Mayor of Cambridge, Massachusetts
- In office 1972–1973
- Preceded by: Alfred Vellucci
- Succeeded by: Walter Sullivan

Personal details
- Born: Barbara Hulley March 1, 1925 Stockholm, Sweden
- Died: July 4, 2020 (aged 95) Lenox, Massachusetts, U.S.
- Party: Democratic
- Spouse: Paul Kurt Ackermann (1946–2011; death)
- Education: Smith College

= Barbara Ackermann =

American politician and activist (1925–2020)

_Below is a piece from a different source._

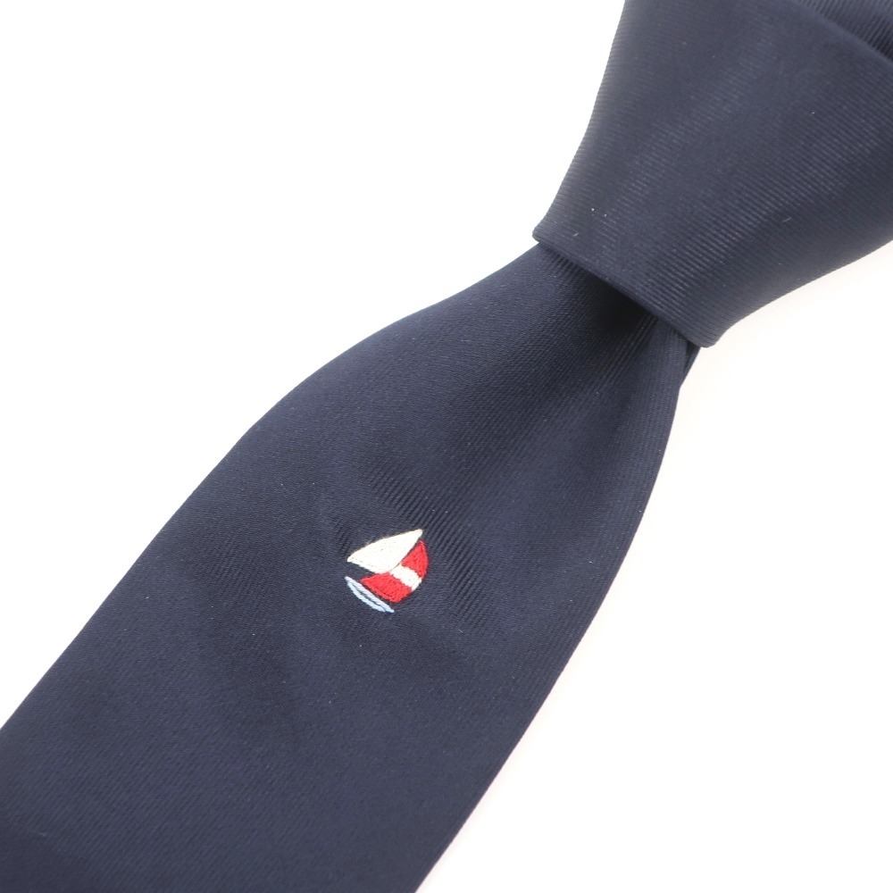 ノット下にくる位置にヨット柄のワンポイント刺しゅうが施された、ツイル織りシルク生地を使用したネクタイです。仕立ては裏地付きの3つ折り仕立てで、職人による丁寧な手仕事が感じられる1本に仕上がっています。

Barbara Ackermann (1925-2020) was an American politician and activist who served on the Cambridge, Massachusetts School Committee from 1962 to 1967, the City Council from 1968 to 1977, and was Mayor from 1972 to 1973.

She was born Barbara Hulley in 1925 in Stockholm, where her father, Benjamin M. Hulley, a career foreign service officer, was then stationed. She lived her childhood in France and Ireland until briefly returning to the US in 1941.

Ackermann was an opponent of the Vietnam War and a supporter of Eugene McCarthy in the 1968 presidential election.

Ackermann was a candidate for Governor of Massachusetts in 1978. She finished behind Edward J. King and Michael Dukakis in the Democratic primary with 6.72% to King's 51.07% and Dukakis' 42.20%.

Barbara Ackermann died on July 4, 2020, in Lenox, Massachusetts, at the age of 95.